Trump supporter charged with harassment after threatening phone calls to Rep. Madeleine Dean
Stephen Cilurso, 68, said he made the calls while angry over news reports of President Trump's second impeachment trial.
A Delaware County man made threatening and lewd phone calls to U.S. Rep. Madeleine Dean (D., Pa.) after she spoke out against the January attack at the U.S. Capitol, authorities said Monday.
Stephen Cilurso, 68, has been charged with two counts of harassment for making 19 calls to Dean’s office in February, according to court records. He was released on $25,000 unsecured bail. There was no indication he had hired an attorney.
Cilurso, of Aldan, admitted to detectives he made the calls, saying that when he “gets into drinking he has a dirty mouth.” He told them he grew angry as he watched new reports about the impeachment of former President Donald Trump, who he had supported in the 2020 election, according to the affidavit of probable cause for his arrest.

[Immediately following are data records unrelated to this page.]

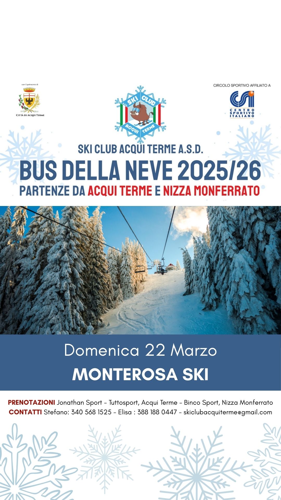 Per prenotazioni Jonathan Sport – TuttoSport Acqui Terme / Contatti Stefano tel. 340 5681525 / Elisa 388 1880447 – skiclubacquiterme@gmail.com
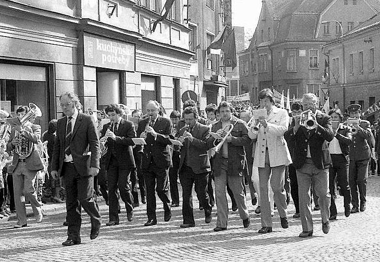 Městská dechová hudba pod vedením Františka Kováře, ředitele lidové školy umění (začátek osmdesátých let):
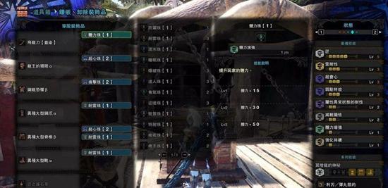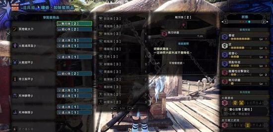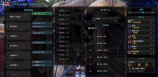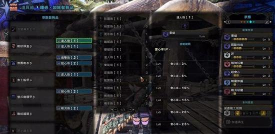 装备技能:匠5,雷属性3,超会心3,弱点特效3,属性异常状态的耐性2,减轻胆怯2,体力增强1,强化持续1。
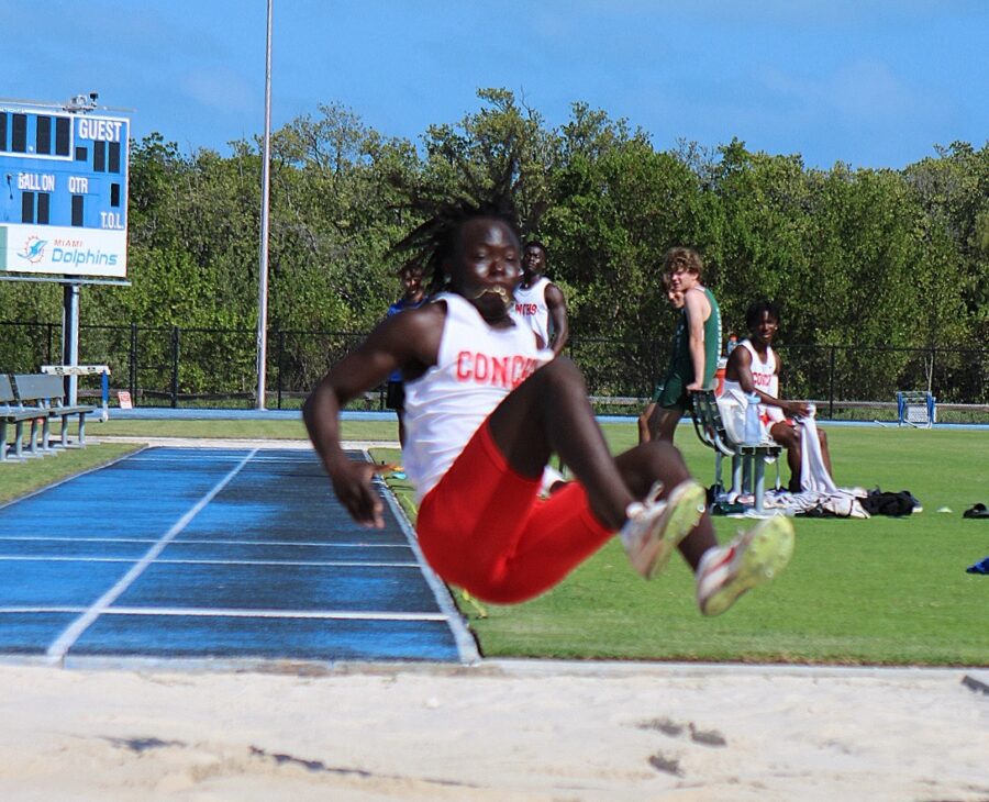 Jeff Dejean also had a trio of wins, taking first place in the 100-meter dash in 11.25 seconds and the long jump with a 21’8” leap. Dejean’s third win was in the Conchs’ 4×100 relay, where he teamed up with Cavane Herron, Roman Van Loon and Walson Morin, finishing in a blazing 43.83 seconds. Morin and Herron were first and second in the 200, crossing in 22.97s and 23.45s, respectively. Van Loon was second in the 100 behind Dejean.

At the time the calls were made, Dean was serving as one of the House’s nine impeachment managers, effectively prosecutors pressing the case in a Senate trial that Trump tried to overturn the election by inciting an insurrection against Congress. The House impeached Trump after the deadly Capitol attack, making him the only president ever impeached twice. But he was again acquitted by the Senate.
The bulk of Cilurso’s calls to Dean’s office took place during the impeachment trial, the affidavit said. In voicemail messages left at her Norristown office, Cilurso used vulgar language to refer to Dean, and at one point mentioned her granddaughter by name.
He also mocked Dean, of Montgomery County, for her firsthand account of the attack, during which she was inside the Capitol and had to be escorted to safety by security officers. Cilurso called her a liar and accused her of exaggerating the details.
As police began to investigate the calls — which they traced back to Cilurso’s home — he left additional messages apologizing for his behavior and begging Dean to tell detectives to “stop pursuing [him],” the affidavit said.